Poi sotto quest'ultima voce ce ne sono tante altre.. non saprei quale compilare (built in??).

----------

## Luca89

Non mi pare, nella schermata di alsa c'è una voce per abilitare l'emulazione oss.

----------

## bender86

 *koma wrote:*   

> Ciao ragazzi :)
> 
> Come va?
> 
> E' tanto che non ci si legge oggi ho finito ufficialmente di formattare la mia gentoo machine.
> ...

 

mpg123 non ha il supporto per alsa, prova mpg321. Quali altre applicazioni vogliono usare OSS, l'unica che ho trovato è flash? Hai abilistato la use alsa e disabilitato oss? Altrimenti i programmi vengono compilati per OSS.

----------

## Ferdinando

 *bender86 wrote:*   

> Quali altre applicazioni vogliono usare OSS, l'unica che ho trovato è flash? Hai abilistato la use alsa e disabilitato oss?
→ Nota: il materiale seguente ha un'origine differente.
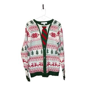 Jolly Sweaters Ugly Christmas Sweater Fair Isle Cardigan and Tie Men's Size M
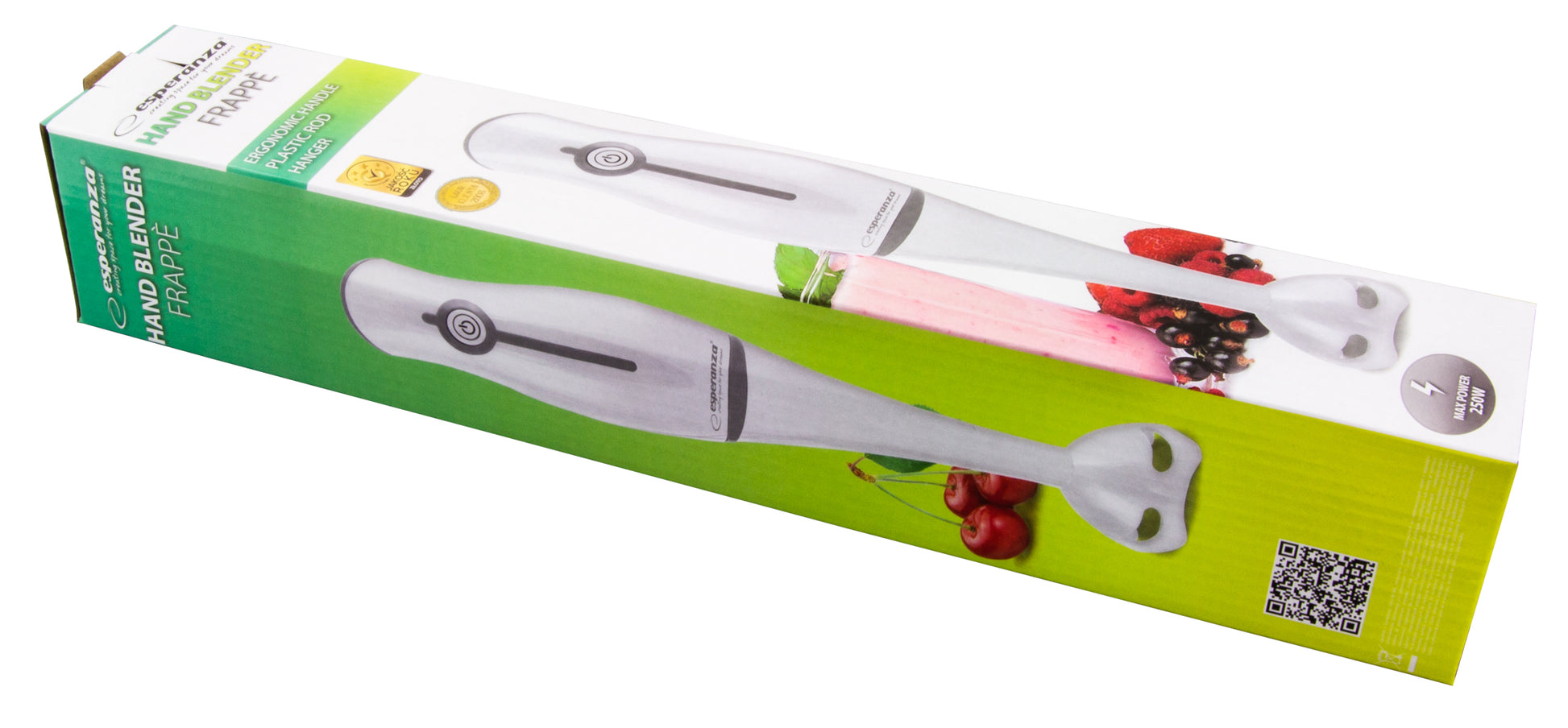 Oto nowoczesne urządzenie, które zaoszczędzi Twój czas - każdy produkt szybko i łatwo zmiksujesz w kilka chwil. Blender Esperanza FRAPPE wyposażylismy w odporny i trwały nóż ze stali nierdzewnej. Na pewno docenisz wygodny, ergonomiczny uchwyt oraz funcjonalność zwięczającego go wieszaka. Nasz blender jest dostępny w kilku miłych dla oka kolorach, z których co najmniej jeden przypadnie Ci do gustu i będzie pasować do Twojej kuchni.
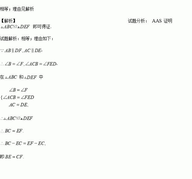 如图所示,点B、F、C、E在同一条直线上,AB∥DF,AC∥DE,AC=DE,FC与BE相等吗?请说明理由.
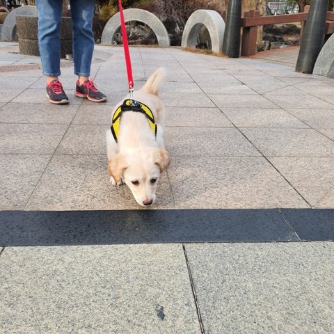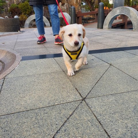 요즘 산책을 나가면 사람들이 엄청 예뻐해주시는데 다들 노랑이 털을 만져보곤 깜놀 !!
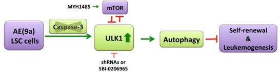 研究人員利用遺傳小鼠模型,證明Caspase-3缺失可以延緩t(8;21)白血病的發(fā)生。從分子水平研究揭示Caspase-3能夠直接切割自噬調(diào)控因子ULK1D458位點(diǎn), Caspase-3的缺失能夠促進(jìn)ULK1蛋白激酶的上調(diào),從而促進(jìn)白血病細(xì)胞自噬。白血病中蛋白水解酶Caspase-3,一方面通過(guò)水解ULK1蛋白激酶,另一方面也可以通過(guò)mTOR/P70S6K/4EBP1信號(hào)通路,抑制細(xì)胞自噬發(fā)生。王蘭研究組通過(guò)與邁阿密大學(xué)腫瘤研究中心Stephen Nimer教授合作,證明Caspase-3及其調(diào)控的細(xì)胞自噬信號(hào)通路與白血病發(fā)生緊密相關(guān)。
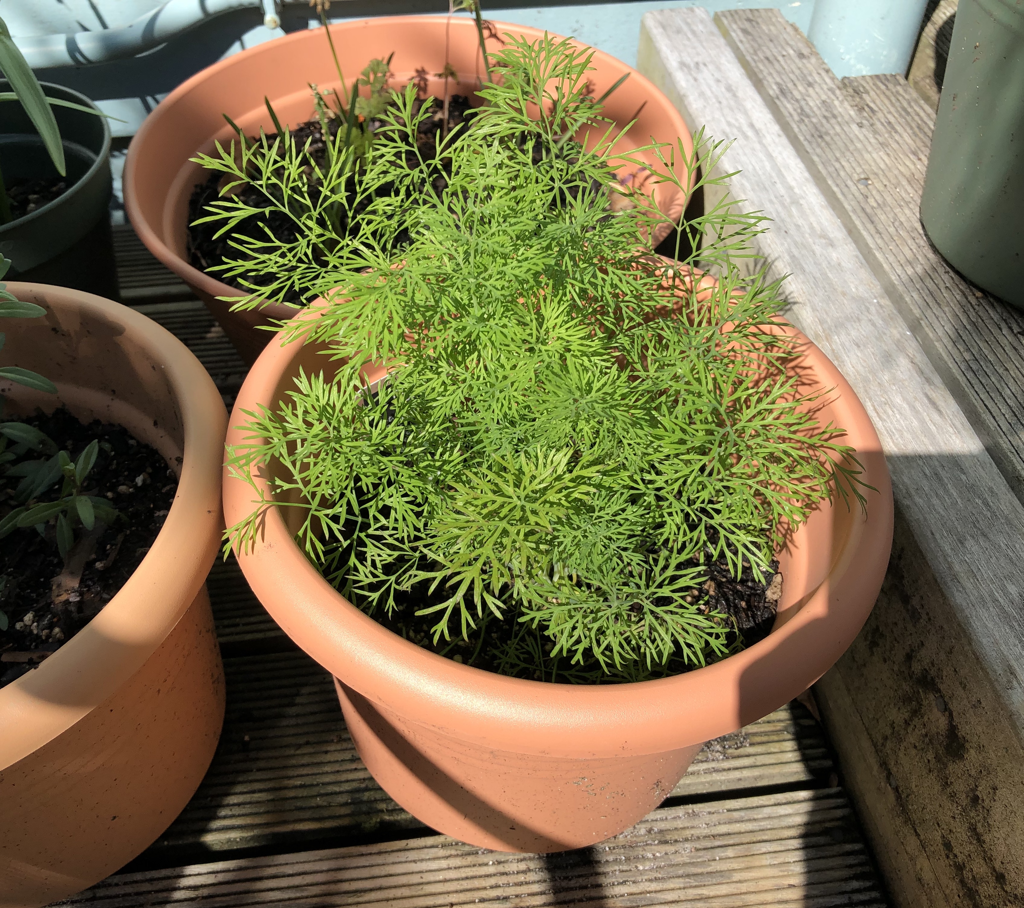 So to the herbs, and thriving dill and curry plants, a sage that needs some tender loving care, a rejuvenated echinacea (new shoots!) and mint and parsley to keep me going. I also have a supermarket basil indoors, which is still reasonably perky. I hope I can keep it going and pot it outside – worth a try anyway.
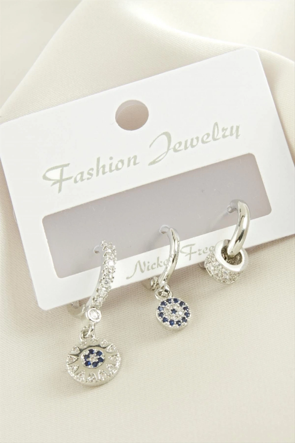 • 3 Adet Nazar Zirkon Taşlı Küpe

Altrimenti i programmi vengono compilati per OSS.

 

Uhm... forse per quello a me flash non lo usa proprio l'audio (non che mi sia mai importato); comunque io ci metto anche skype, ho dovuto abilitare l'emulazione OSS solo per lui. In generale credo che ormai solo alcuni binari usano esclusivamente OSS; tutti i programmi compilati dai sorgenti permettono di scegliere (almeno tutti quelli che ho provato io).

Ciao

----------

## danielinux

Io ho lo stesso problema, ma con alsa-driver.

Nella guida dice di installare alsa-driver e non accenna ad alsa-oss come la guida vechia faceva.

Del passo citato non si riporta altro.